**PROBLEM STATEMENT:**
Every line from the top of the records below through the one containing "The remains of" must be copied exactly, and the pictures must not be.

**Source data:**

╔══

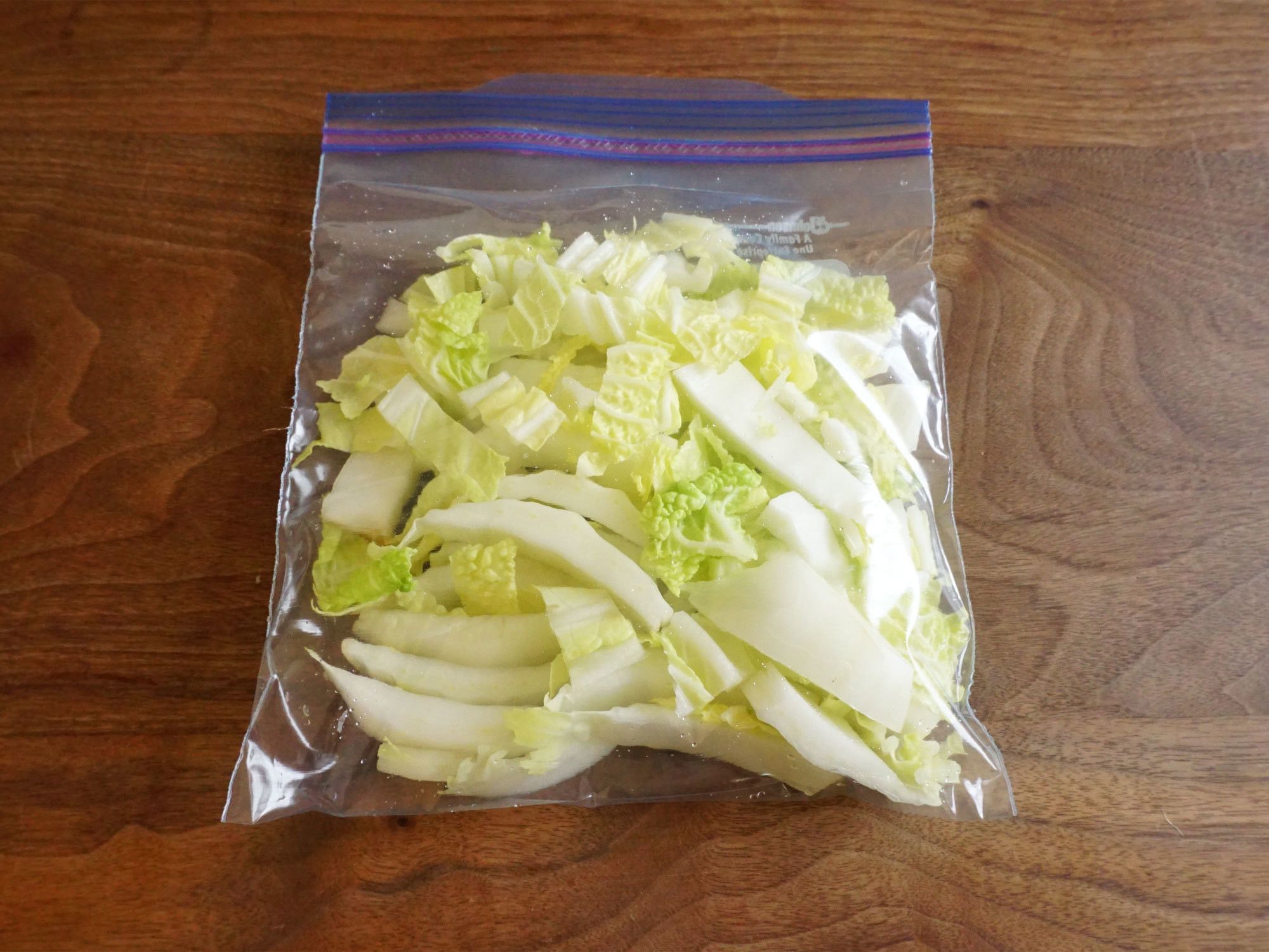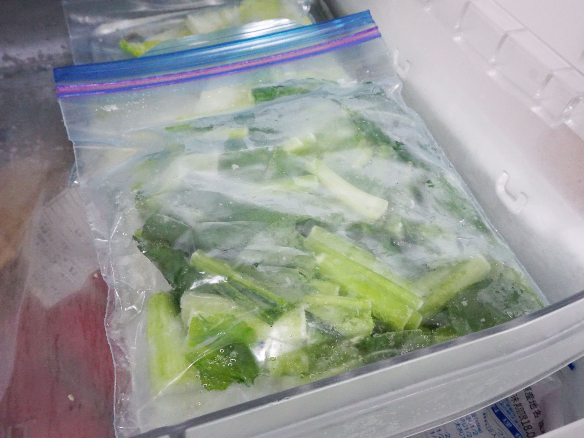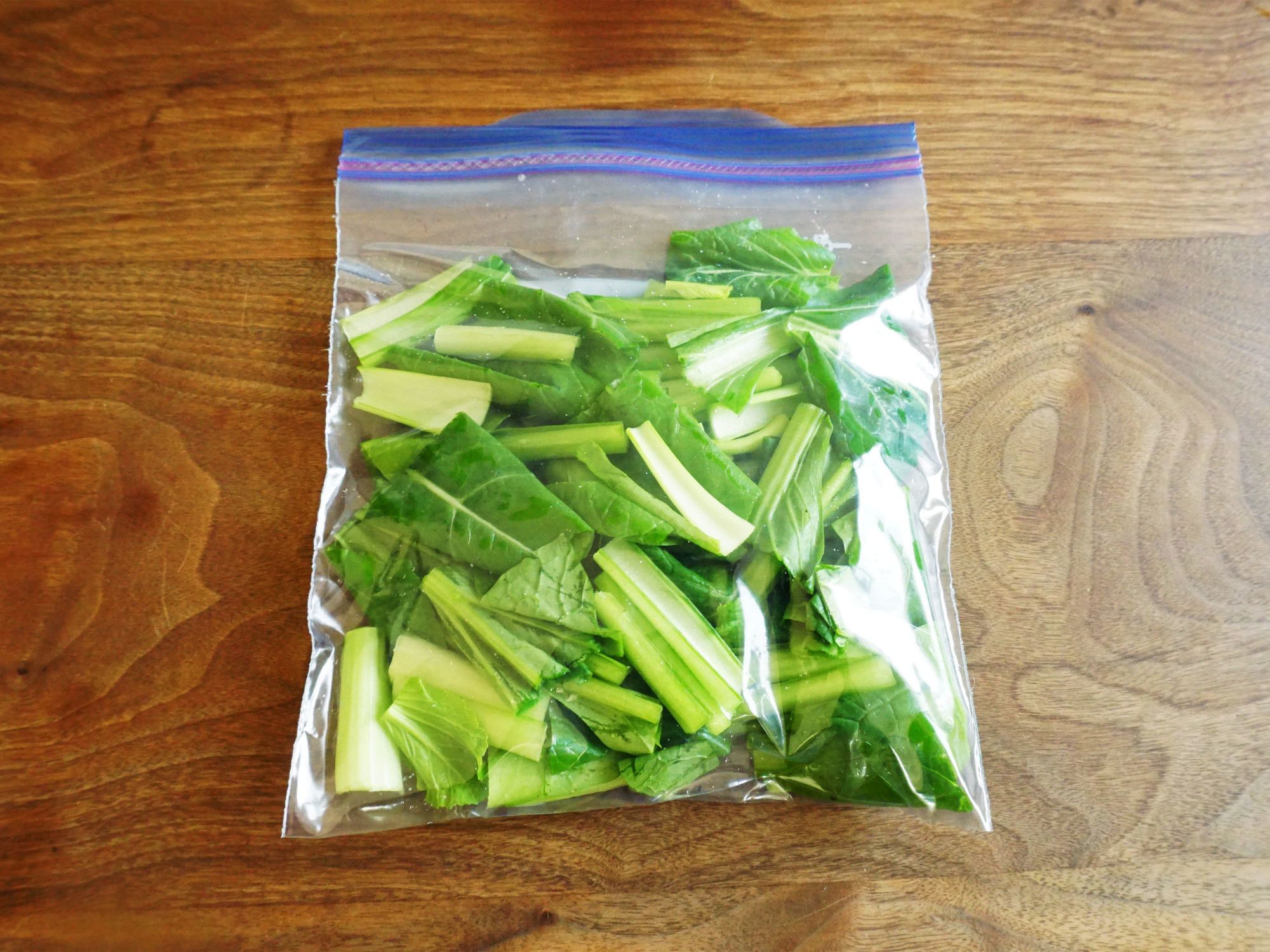 調理に合わせて切り(ざく切りなど)、フリージングバッグに平らに入れて冷凍します。
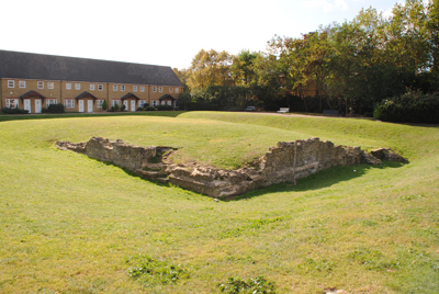 The remains of one of the lesser known former royal residences in London, King Edward III’s manor house, sit amid a grassy park on the south bank of the Thames at the corner of Bermondsey Wall East and Cathay Street in Rotherhithe.
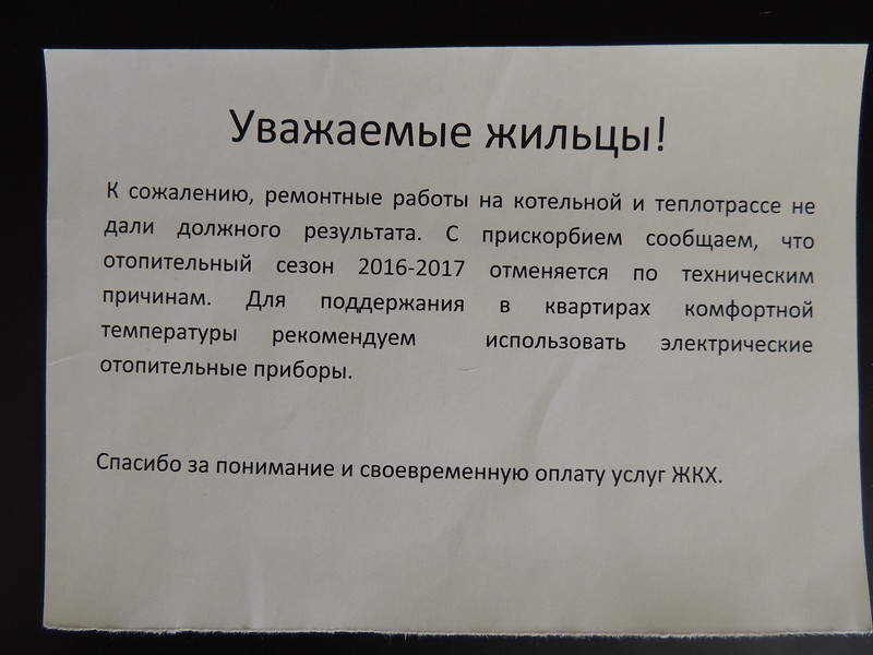 Творят беспредел!QR_BBPOST Вы будете смеяться "не верить в каменный век", но именно после этого объявления нам и отключили отопление. Точнее, не "нам", а "Славянке", а там жили мы, с детьми.
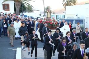 Fieles y acompañantes participaron a las siete de la tarde de la función religiosa presidida en la plaza por Juan Carlos Medina, vicario de Fuerteventura, Lanzarote y La Graciosa y párroco de San Ginés en Arrecife, para luego emprender desde la ermita la procesión por las calles de Femés en compañía de la Banda Municipal de Yaiza.
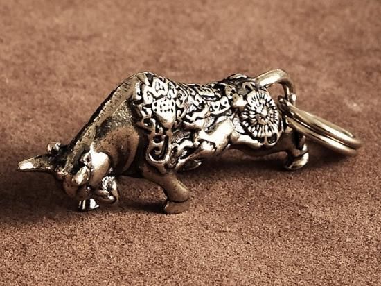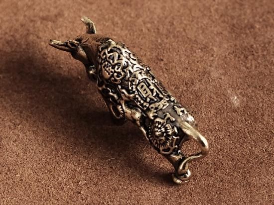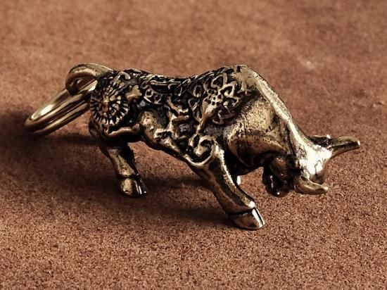 牛 キーホルダー(鎧) 真鍮 うし 角 カウ バッファロー
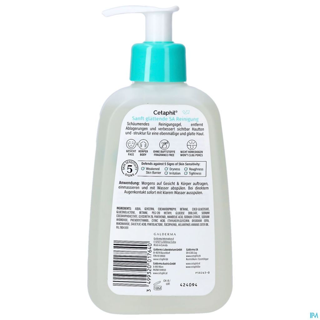 CETAPHIL GENTLE EXFOLIATING SA CLEANSER : Nettoie et exfolie en douceur pour favoriser le renouvellement de la peau, pour une peau uniforme et éclatante après une seule utilisation.
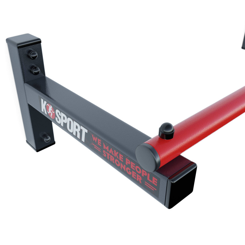 Турнік KSSL108 ідеально підходить для інтенсивних тренувань в невеликих приміщеннях. Його міцна і масивна рама гарантує безпечні тренування. Конструкція також стабілізується зварними профілями та кріпиться до стіни за допомогою 6 шурупів.
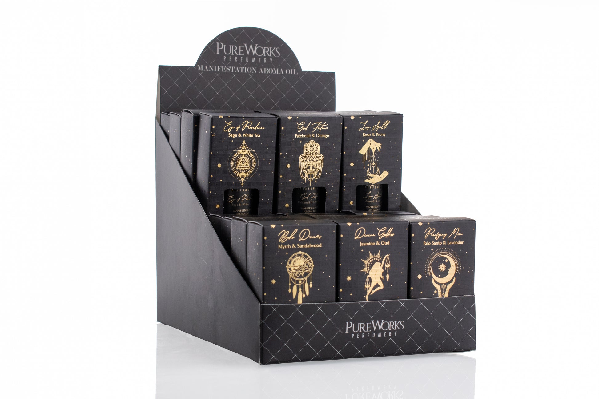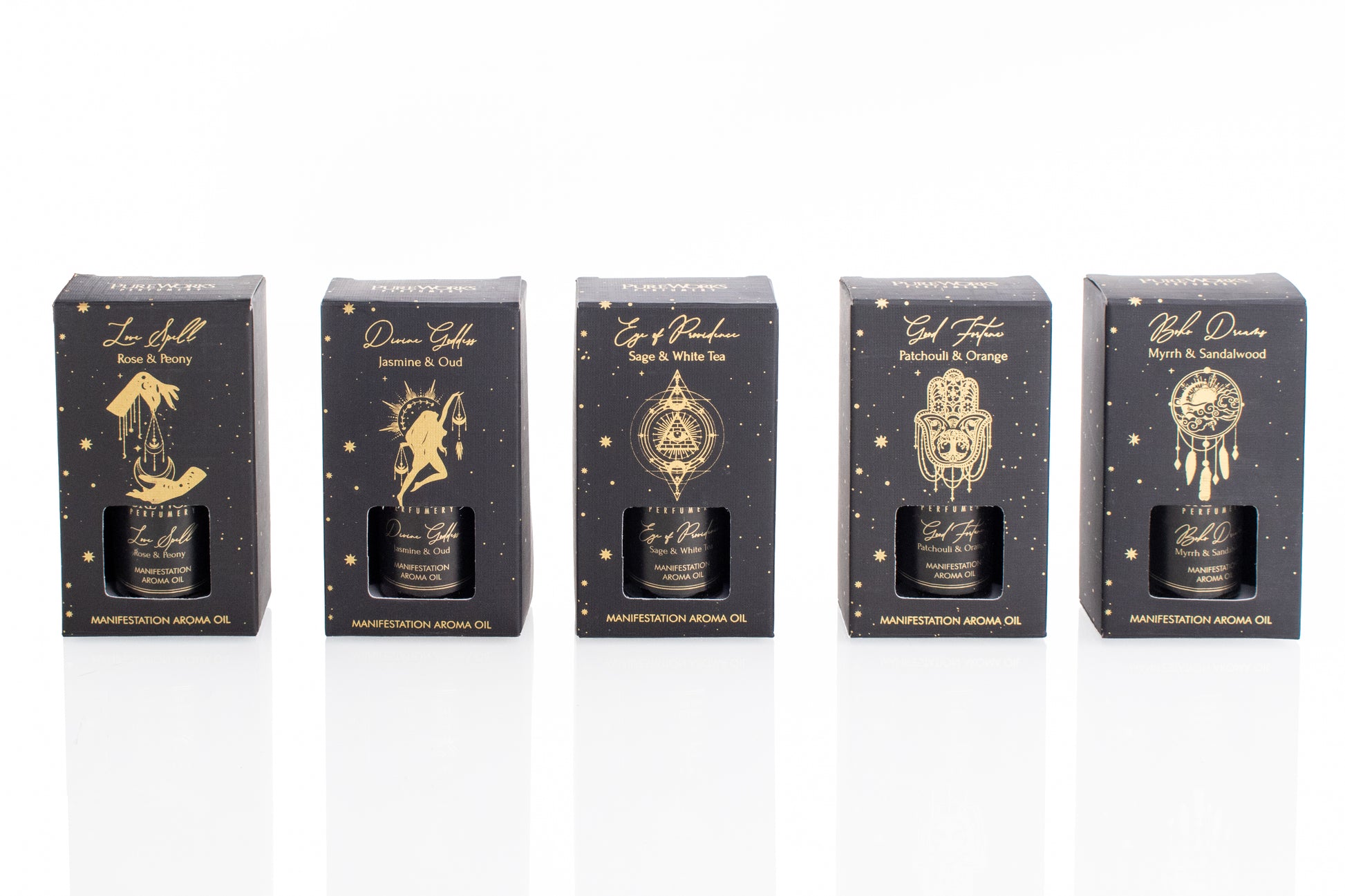 Cada mezcla ha sido formulada para un propósito energético (amor, fortuna, protección), utilizando ingredientes clásicos de la alta magia natural como el Palo Santo, la Mirra y el Oud. Presentación en caja de cartón eco-amigable con botella de vidrio y reductor de orificio para una dosificación precisa.
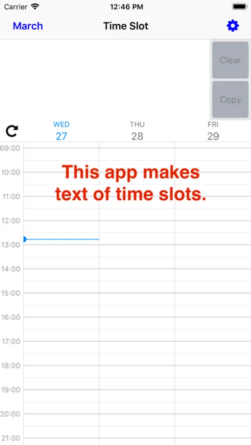 This app makes text of time slots. You can use this app for schedule adjustment.
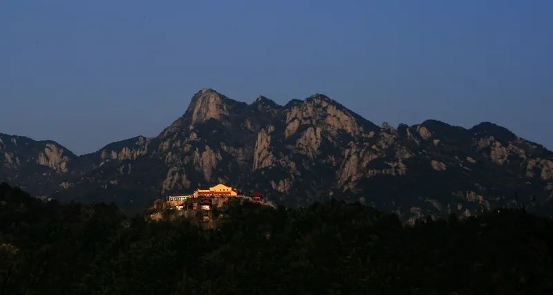 我在2007年第一次上山时就有幸在黄昏时拍了这张神奇的照片。此时太阳即将落下,最后一抹夕阳打在半山腰的禅寺,远处一尊庄严安详的佛祖仰天静卧头像在天地间无比清晰!
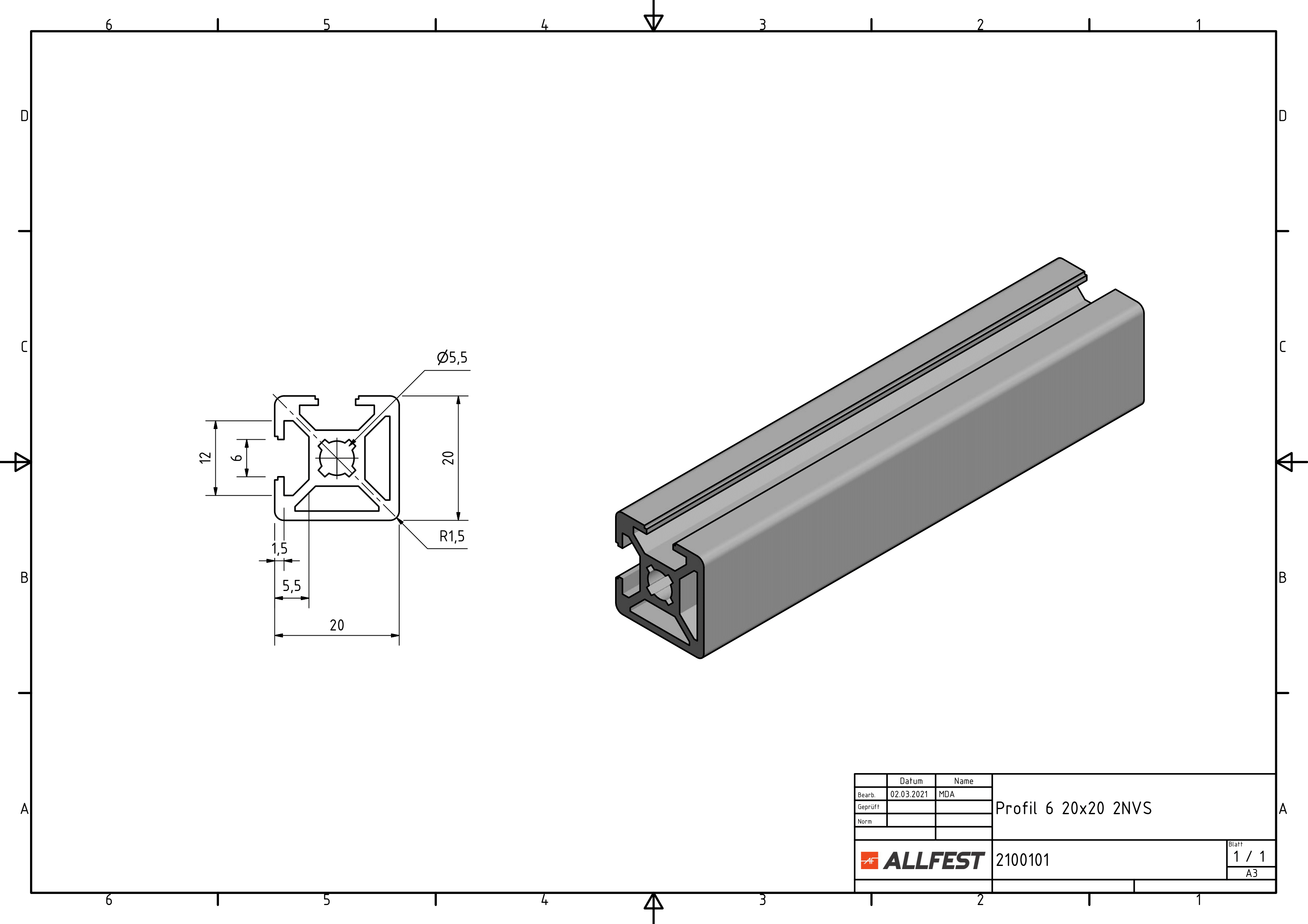 Profilés d'étayage 6 20x20 léger, 2NVS - allfest.de
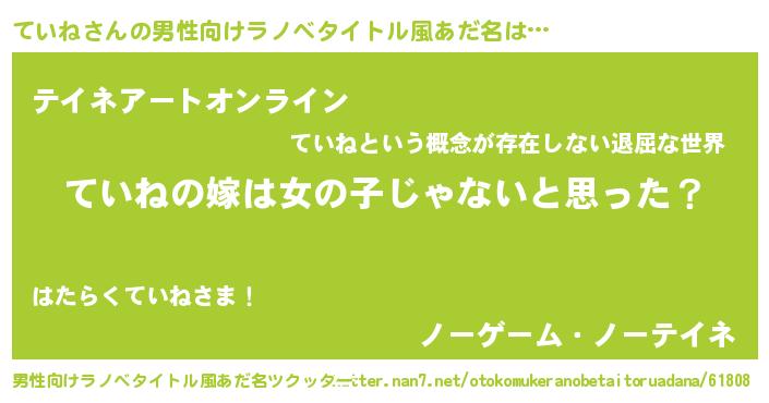 | 女子向けラノベタイトル風あだ名 | 『ていね様がみてる』『ていね恋絵巻』 |
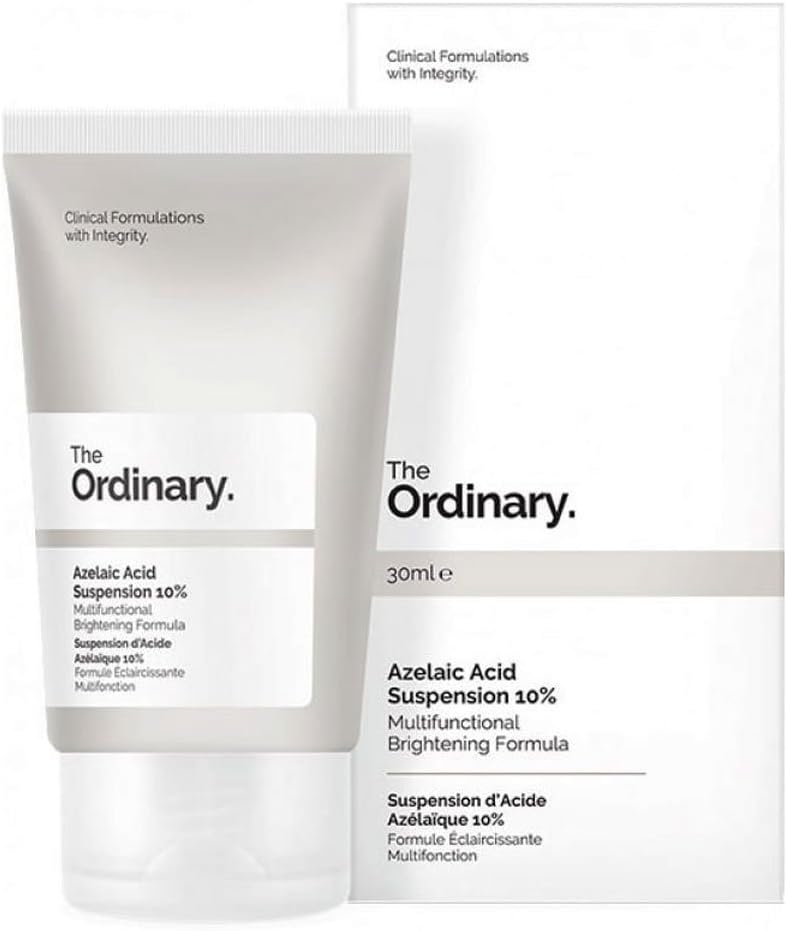 Suspensão de Ácido Azelaico 10% é uma fórmula cremosa que ilumina o tom da pele e melhora visivelmente a textura da pele devido a uma alta concentração de ácido azelaico – um antioxidante natural e eficaz encontrado nos grãos. Tem um potencial de irritação menor do que outros ácidos diretos, o que significa que é suave o suficiente para uso diário como parte do seu regime de cuidados com a pele.

╚══

**RESULT:**
 調理に合わせて切り(ざく切りなど)、フリージングバッグに平らに入れて冷凍します。
 The remains of one of the lesser known former royal residences in London, King Edward III’s manor house, sit amid a grassy park on the south bank of the Thames at the corner of Bermondsey Wall East and Cathay Street in Rotherhithe.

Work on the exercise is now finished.